Segment Open

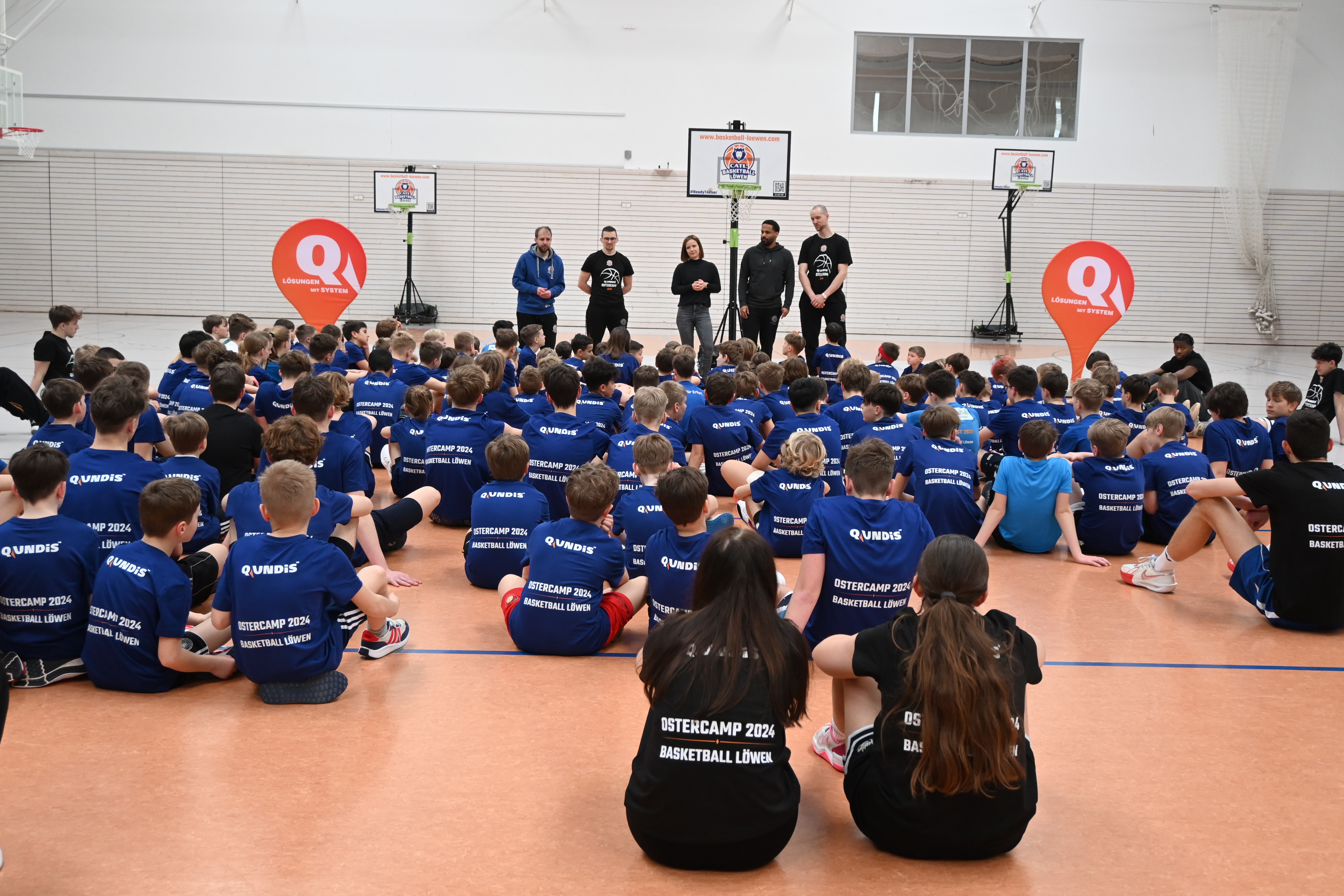 The annual Easter camp of the Basketball Löwen Erfurt took place from 25 to 28 March 2024. The camp has become a tradition and makes an important contribution to inspiring children and young people from the region – not just to play basketball, but also to get more exercise and participate in sports in general. During the several-day camp they not only learn important basics such as dribbling and different types of basketball shot, but also values such as team spirit and the benefits of sporting exercise.
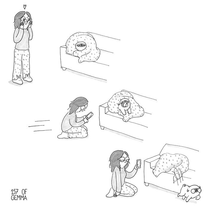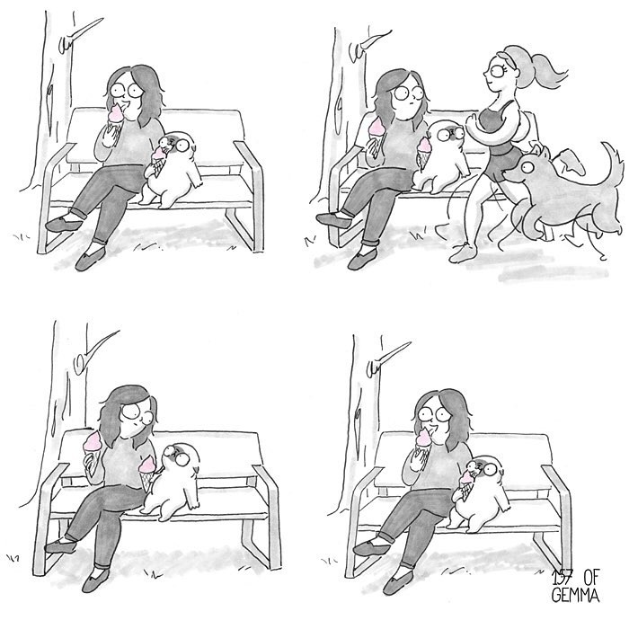 一位生活在紐約的西班牙藝術家嘉瑪(Gemma Gené)非常愛自己的寵物狗,以至於剛出門就開始想牠了。所以每天在上班的地鐵上就開始把她和狗狗的日常畫下來,每一張漫畫都很有趣。嘉瑪說沒有工作的時候,她整天都和狗狗待在一起,每天都在畫牠,喜歡用這種方式把她和狗狗相處的畫面記錄下來。她從事多種形式的繪畫和雕像創造,但是讓她出名的卻是這些可愛的狗狗漫畫。
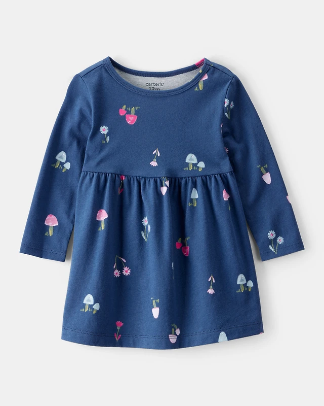 Baby Girl Christmas Tree Print Long-Sleeve Dress

Segment Closed

• Task item
In the answer, retype exactly and only the lines from the one holding "一位生活在紐約的西班牙藝術家" through the end of the listing, keeping both ends and dropping every picture.

• Reply to the task
 一位生活在紐約的西班牙藝術家嘉瑪(Gemma Gené)非常愛自己的寵物狗,以至於剛出門就開始想牠了。所以每天在上班的地鐵上就開始把她和狗狗的日常畫下來,每一張漫畫都很有趣。嘉瑪說沒有工作的時候,她整天都和狗狗待在一起,每天都在畫牠,喜歡用這種方式把她和狗狗相處的畫面記錄下來。她從事多種形式的繪畫和雕像創造,但是讓她出名的卻是這些可愛的狗狗漫畫。
 Baby Girl Christmas Tree Print Long-Sleeve Dress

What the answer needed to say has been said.